The original complaint in this action was filed on May 16 and the instant motion
on October 24. While this five-month period is longer than the three months at issue in
Loggerhead Turtle, with respect to one of the two proposed new claims the plaintiff
asserts that the evidence supporting it came to light only during discovery. (Doc. 52 at
2). The defendants dispute this, but in terms too vague to embrace. Even assuming for
argument that the plaintiff could have asserted the new claims in May, the defendants
have not shown the delay to be undue. The Eleventh Circuit cases upholding denials of
leave to amend based on undue delay involve delays measured in years and/or extending
beyond key deadlines.2 The single case cited by the defendants is cut from the same
cloth. The Court concludes that the defendant’s perfunctory argument does not carry its
burden of showing grounds to deny the plaintiff’s motion.

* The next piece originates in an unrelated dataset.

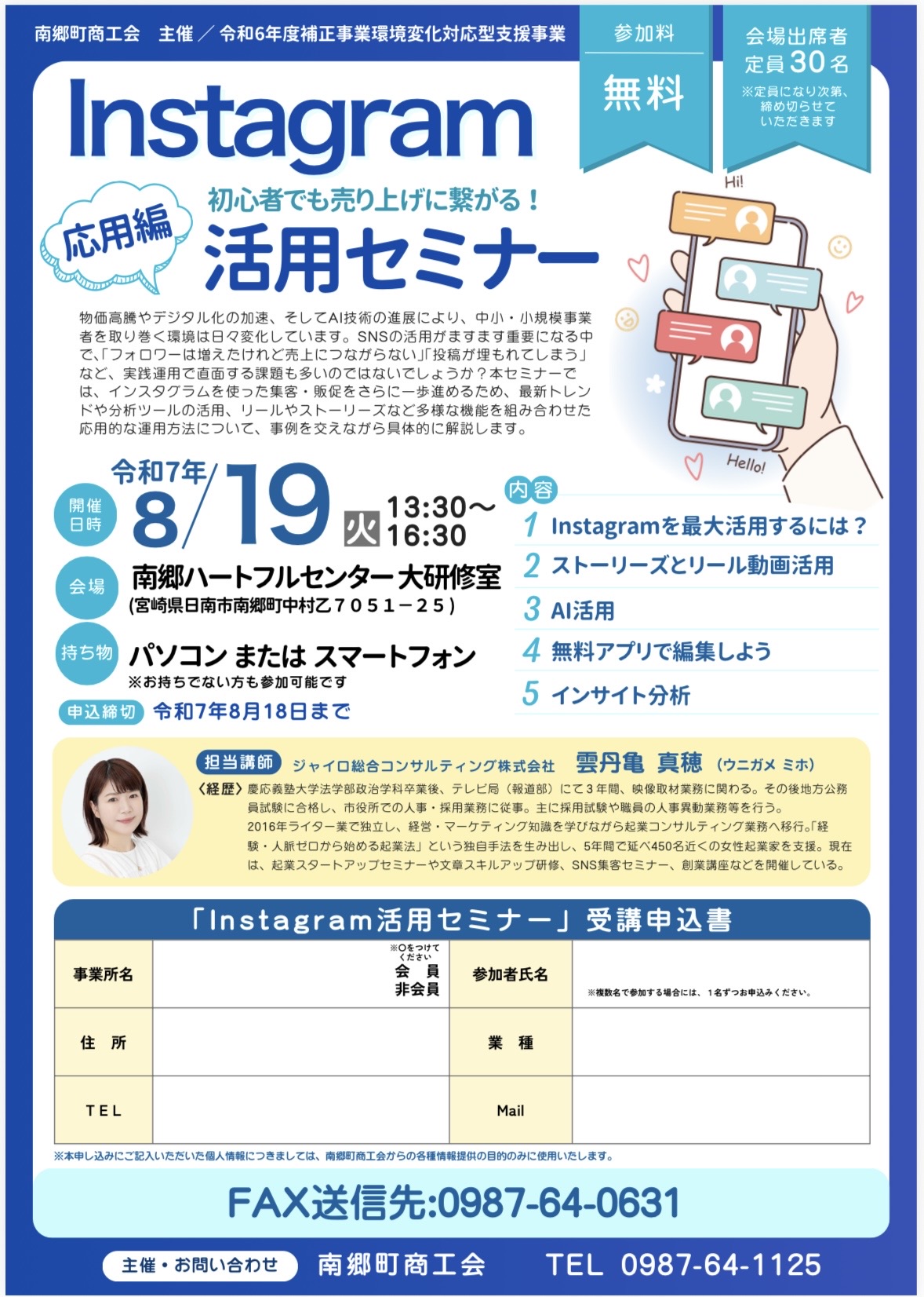 【南郷町商工会主催】「2025年度Instagram活用セミナー」開催のお知らせ

For the reasons set forth above, the motion for leave to amend is granted. The
plaintiff is ordered to file and serve its fourth amended complaint on or before
November 9, 2012.3
See, e.g., Reese v. Herbert, 527 F.3d 1253, 1263 (11th Cir. 2008) (seven weeks after
close of discovery, after dispositive motions filed); Florida Evergreen Foliage v. E.I. DuPont de
Nemours & Co., 470 F.3d 1036, 1040-41 (11th Cir. 2006) (“years” after complaint filed, and after
several dispositive motions and certified questions were resolved, and during interlocutory
appeal); Andrx Pharmaceuticals, Inc. v. Elan Corp., 421 F.3d 1227, 1237 (11th Cir. 2005) (over a
year after complaint filed); Carruthers v. BSA Advertising, Inc., 357 F.3d 1213, 1214, 1218 (11th
Cir. 2004) (over a year and a half after complaint filed, and six months after the deadline for
amendments); Laurie v. Alabama Court of Criminal Appeals, 256 F.3d 1266, 1275 (11th Cir.
2001) (well over a year after complaint filed, and long after the deadline for amendments);
Brewer-Giorgio v. Producers Video, Inc., 216 F.3d 1281, 1284 (11th Cir. 2000) (over a year after
complaint filed, and eight months after the deadline for amendments); Jennings v. BIC Corp.,
181 F.3d 1250, 1258 (11th Cir. 1999) (almost three years after complaint filed, and five months
after the deadline for amendments); Burger King Corp. v. Weaver, 169 F.3d 1310, 1319 (11th
Cir. 1999) (over three years after complaint filed); Campbell v. Emory Clinic, 166 F.3d 1157,
1162 (11th Cir. 1999) (over five years after complaint filed, and after discovery ended and
dispositive motions filed); Hester, 941 F.2d at 1578-79 (over two years after complaint filed).
The defendants’ filings have taken on an increasingly sarcastic and combative tone.
(Doc. 13 at 3; Doc. 45 passim; Doc. 54 passim). The defendants should not construe the Court’s
silence about their language as approval of it. Future egregious examples will be dealt with
DONE and ORDERED this 2nd day of November, 2012.